[What is required] First find the line with "TSO Konferans Salonu’nun", then reproduce it and all following lines of the data to the end, exactly and with no pictures, adding nothing.

☆ ☆ ☆ ☆ ☆

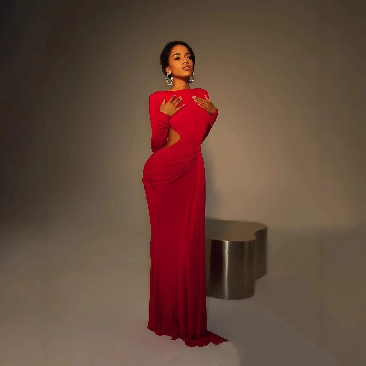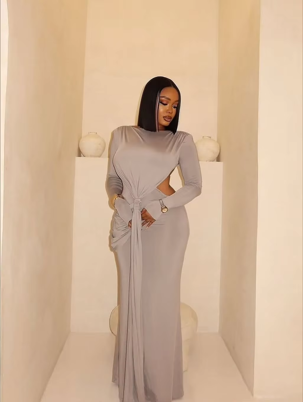 Elegant European American Women's Long Sleeve Slim Backless Floor-Length Dress
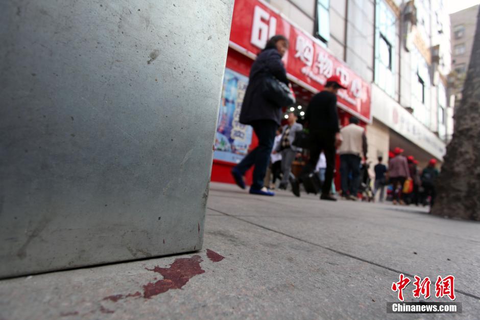 4月10日,上海南京东路沿街店铺发生一起伤人事件。事件或因商家与顾客发生纠纷引起,警方透露,两人被砍伤,一人大腿动脉出血,已送医抢救,另一人轻伤,事发后,行凶者逃离现场,目前仍在抓捕中。中新社发 申海 摄
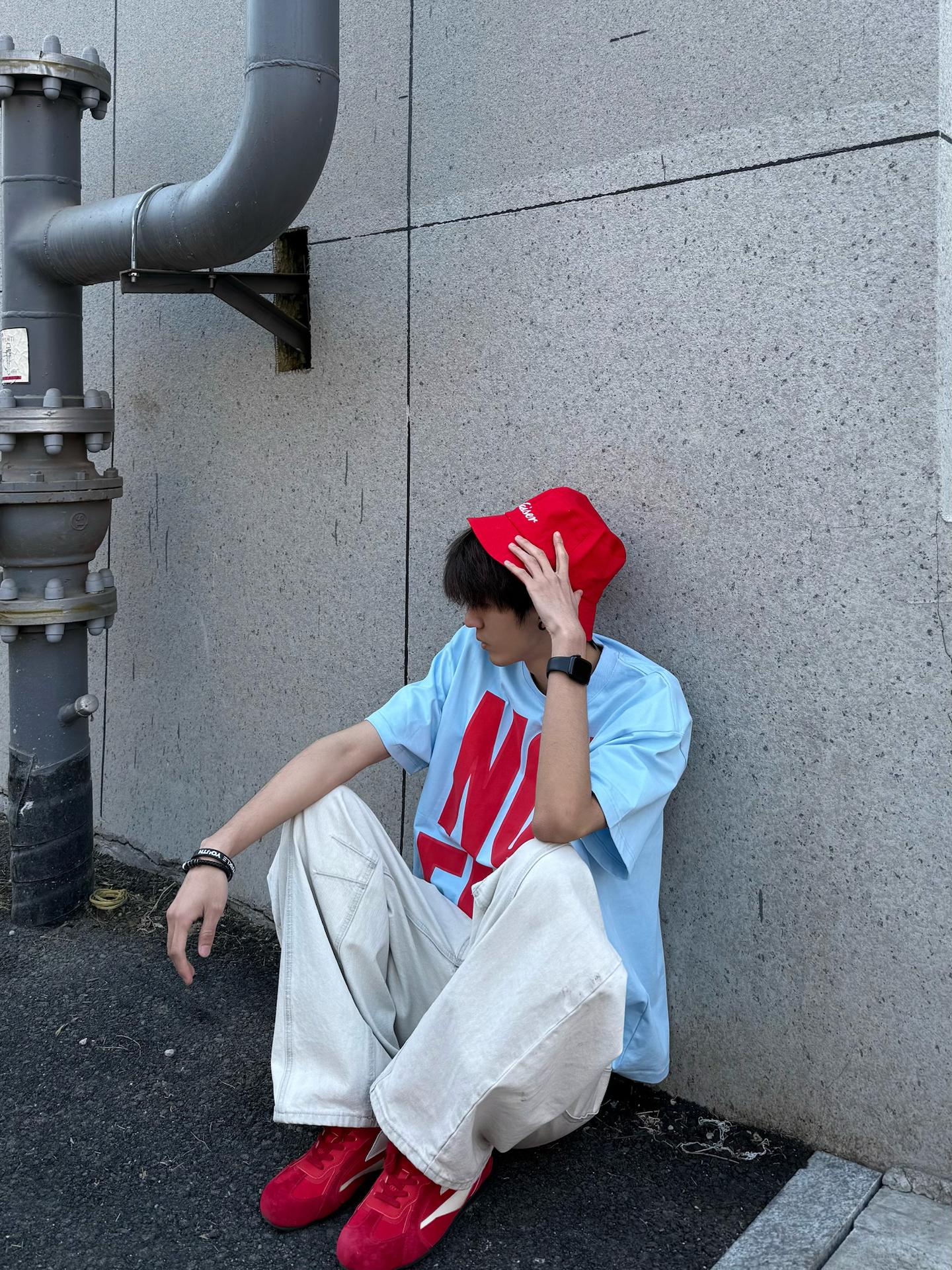 春天就该把亮色焊在身上❗️ 今天直接整了套“早春多巴胺显眼包”穿搭 出门晃悠一圈 给街头添点活力~ 上身浅蓝底大红字母短袖 撞色超吸睛 ✅ 搭了条米白阔腿裤 用浅底色中和一下 不会太乱还显清爽😎 找了顶渔夫帽和T恤的红做了呼应 踩了双同色系的德训鞋👟晃晃悠悠逛一下午都不累 买了个小可乐 喝上两块 哈哈哈哈可以说一天都红运当头了🤭 今天是大大咧咧的街头感 感觉早起的困意都被这抹亮色冲没了✌️ ...
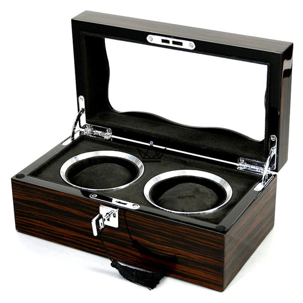 Chaque emplacement pour montre est cerclé d'un cercle de métal brillant qui ajoute une touche de luxe à la boîte. Les montres sont maintenues en place avec un mécanisme de retenue doux pour éviter tout risque de rayure ou de dommage.
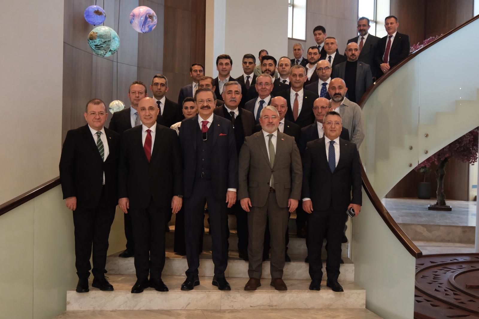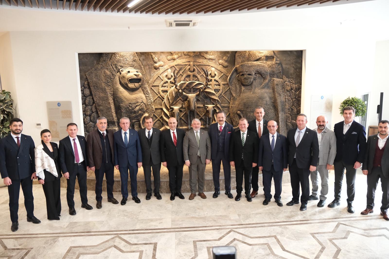 TSO Konferans Salonu’nun açılışı dolayısıyla Çorum’a gelen Türkiye Odalar ve Borsalar Birliği (TOBB) Başkanı Rifat Hisarcıklıoğlu ile Halkbank Genel Müdürü, hemşehrimiz Osman Arslan, Çorum Belediye Başkanı Dr. Halil İbrahim Aşgın’ı makamında ziyaret etti.
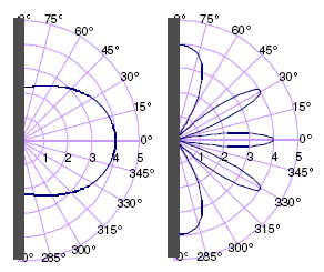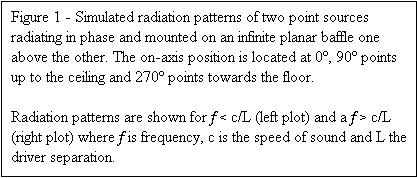 Radiation patterns are shown for f < c/L (left plot) and a f > c/L (right plot) where f is frequency, c is the speed of sound and L the driver separation.
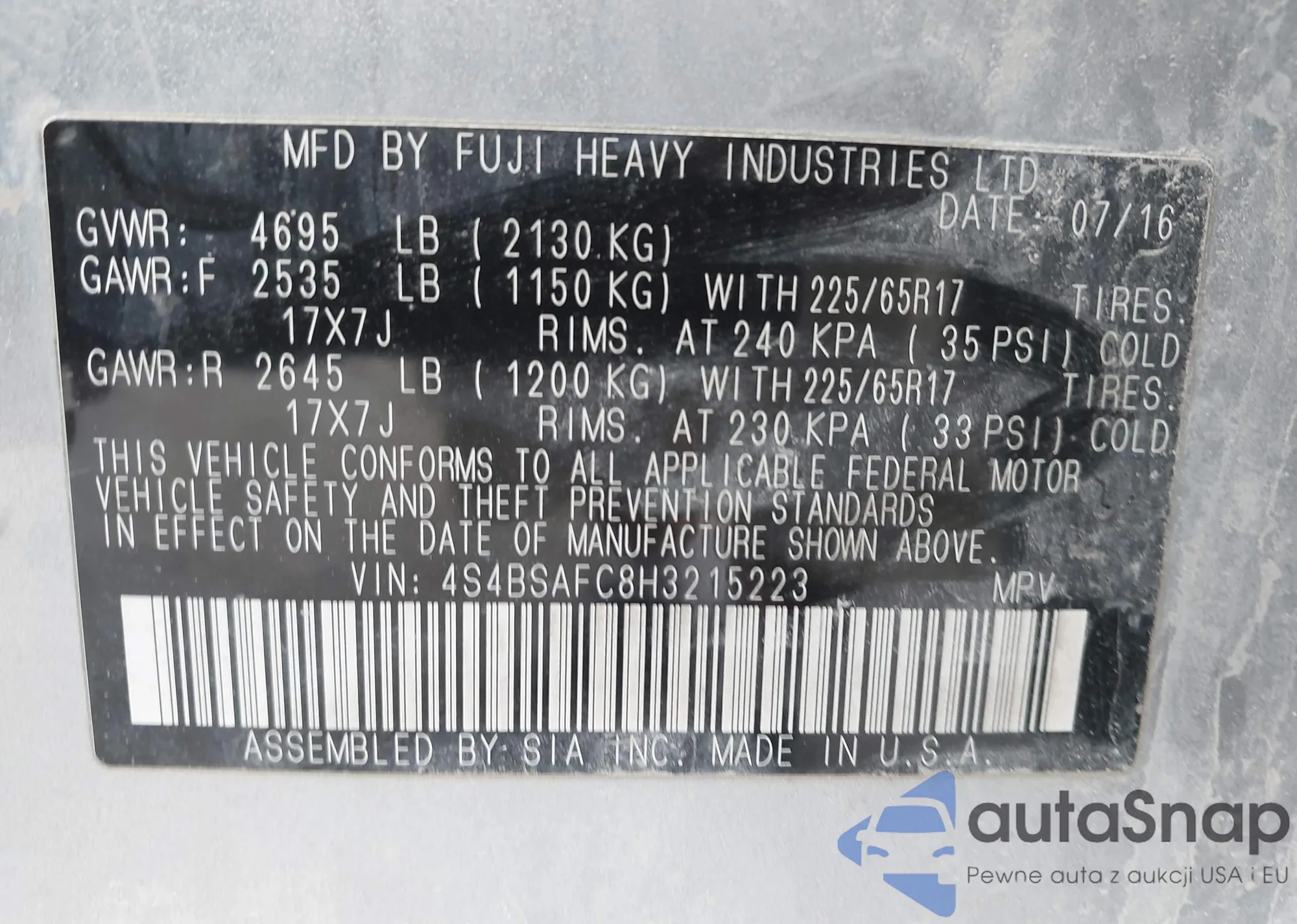 VIN: 4S4BSAFC8H3215223

☆ ☆ ☆ ☆ ☆

[Result of this exercise]
 TSO Konferans Salonu’nun açılışı dolayısıyla Çorum’a gelen Türkiye Odalar ve Borsalar Birliği (TOBB) Başkanı Rifat Hisarcıklıoğlu ile Halkbank Genel Müdürü, hemşehrimiz Osman Arslan, Çorum Belediye Başkanı Dr. Halil İbrahim Aşgın’ı makamında ziyaret etti.
 Radiation patterns are shown for f < c/L (left plot) and a f > c/L (right plot) where f is frequency, c is the speed of sound and L the driver separation.
 VIN: 4S4BSAFC8H3215223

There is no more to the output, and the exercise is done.